To enter the affordable arena with strength, Wood Partners turned to Bernard Felder, luring him from Bank of America’s community development group to handle affordable housing finance at Wood. “We had guys doing the architecture, engineering, construction, and entitlements in the local markets, but we didn’t understand affordable housing finance,” Jerry Durkin, a Wood Parners director, says.
Affordable housing, with its need for tax credits and its layered financing structures, is very different from Wood’s market-rate and condo developments. So Felder works with states, cities, and counties on affordable projects and develops a pipeline of equity investors. “The traditional equity investor is often not involved in providing equity for tax credits,” says Felder, a director at Wood Partners. “So the obvious first move was to expand our equity investor pool.”
So far, the company has won over AIG SunAmerica, PNC Financial, Southtrust Community Development Corp., and Prudential as investors. “The partnership agreements and negotiations necessary for tax credit agreements are as close to brain damage as you can get,” Felder says. “Going through that brain damage with three to five core investors that have an appetite for your product can make the overall planning a lot less stressful than it already is.”
Since Wood holds affordable properties much longer than it usually keeps market rate apartments, the property management decision becomes even more critical. The company’s choice? The Lane Co. in Atlanta, which handles many of Wood’s affordable properties. “We aim to partner with those management companies that have a strong experience in mixed-income and 100 percent affordable housing communities,” Felder says.
Young to Elderly Wood Partners also had its eye on demographics when it decided to enter senior and student housing. “More kids are pushing into university systems,” Wood says of the company’s rationale for adding student to its diverse product mix. “University budgets are stressed, and housing is a low priority.”
It is a challenge for the private sector as well. Student housing requires multiple-bed apartments, single-bed leases, lots of community space, plenty of parking, and sometimes even resident transportation to campus. To handle these needs, the company partners with Jim Shaffner, one of Simpson’s former colleagues and an experienced manager of student housing who now is a partner at University Housing Group in Charlotte. But the company is still testing the student market, not even hiring a full-time employee to head it up. “Student housing can be very successful, but it needs to be in the right place,” Wood says. “To us, it’s not something we do everywhere, but we do it where we find a select opportunity.”
At the other end of the generation spectrum, baby boomers are driving the company’s interest in senior housing. But the unit mix for this product differs from what the company usually builds. “There are more are people living alone,” Wood says. “You can have a shuttle service. And, you will have larger common areas where people can gather for a seminar or to play cards.”

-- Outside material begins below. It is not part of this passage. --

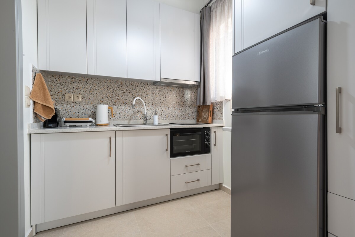 Căsuță confortabilă pe două niveluri, aproape de mare, în cel mai pitoresc sat Limnos. Animalele de companie sunt binevenite! 7' de la faimoasa plajă organizată și gratuită din Keros, cu jocuri și echipamente pentru sporturi nautice, cum ar fi kite surfing. Situat lângă un mini market și o spălătorie. Acces în 1' la parcarea municipală spațioasă gratuită! Situat central, cu acces direct la bancomate. Taverne, cafenele, locuri de divertisment pentru copii și adulți din apropiere, fără a vă deranja șederea.

As with senior housing, the company went outside for expertise, hiring a consultant, Kimberly Solbakk, and a senior manager, Steven D. Bell and Co. in Greensboro, N.C., to support these properties. So far, Wood Partners has one project under construction and two more on the way. Yet it won’t push too far beyond construction and ownership. “Our entry into that business is on the front end,” Durkin says. “We are doing Class A garden apartments focused on the over-55 crowd that needs extra services.”